ISO/IEC/IEEE 15288:2015 concerns those systems that are man-made and may be configured with one or more of the following system elements: hardware, software, data, humans, processes (e.g., processes for providing service to users), procedures (e.g., operator instructions), facilities, materials and naturally occurring entities.
Source: ISO
INCOSE Systems Engineering Handbook
A Guide for System Life Cycle Processes and Activities
- For the new systems engineer
- For the engineer in another discipline who needs to perform systems engineering
- For the experienced systems engineer who needs a convenient reference
The INCOSE Systems Engineering Handbook shows what each systems engineering process activity entails in the context of designing for affordability and performance. On some projects, a given activity may be performed very informally (e.g., on the back of an envelope, or in an engineer’s notebook); or, on other projects, a more formal response is required with interim products under formal configuration control. This book provides tools that lead to project success in various circumstances.
Source: INCOSE
NIST SP 800-160 (Systems Security Engineering)

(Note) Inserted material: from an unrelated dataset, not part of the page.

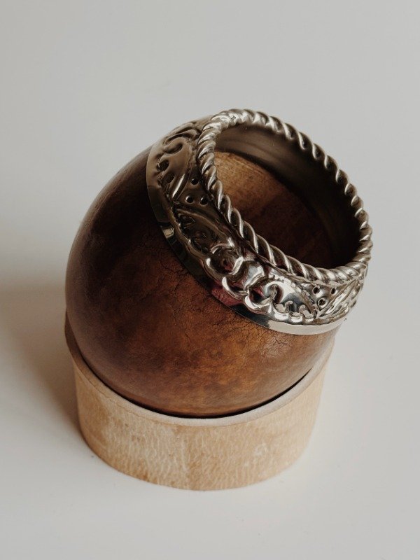 • Virola ancha cincelada al lacre: de alpaca cincelada a mano.

With the continuing frequency, intensity, and adverse consequences of cyber-attacks, disruptions, hazards, and other threats to federal, state, and local governments, the military, businesses, and the critical infrastructure, the need for trustworthy secure systems has never been more important to the long-term economic and national security interests of the United States.
Engineering-based solutions are essential to managing the growing complexity, dynamicity, and interconnectedness of today’s systems, as exemplified by cyber-physical systems and systems-of-systems, including the Internet of Things.
This publication addresses the engineering-driven perspective and actions necessary to develop more defensible and survivable systems, inclusive of the machine, physical, and human components that compose the systems and the capabilities and services delivered by those systems. It starts with and builds upon a set of well-established International Standards for systems and software engineering published by the International Organization for Standardization (ISO), the International Electrotechnical Commission (IEC), and the Institute of Electrical and Electronics Engineers (IEEE) and infuses systems security engineering methods, practices, and techniques into those systems and software engineering activities.
The objective is to address security issues from a stakeholder protection needs, concerns, and requirements perspective and to use established engineering processes to ensure that such needs, concerns, and requirements are addressed with appropriate fidelity and rigor, early and in a sustainable manner throughout the life cycle of the system.
Source: NIST
Summary
- SSE-CMM (ISO/IEC 21827) does not prescribe a particular process or sequence; it’s used to “evaluate” the maturity of system security engineering. It’s not a guideline, approach, or methodology.
- INCOSE Systems Engineering Handbook and NIST SP 800-160 (Systems Security Engineering) are largely compatible with ISO/IEC/IEEE 15288 (Systems and software engineering — System life cycle processes).
- In fact, NIST SP 800-160 is based on ISO/IEC/IEEE 15288, IMO.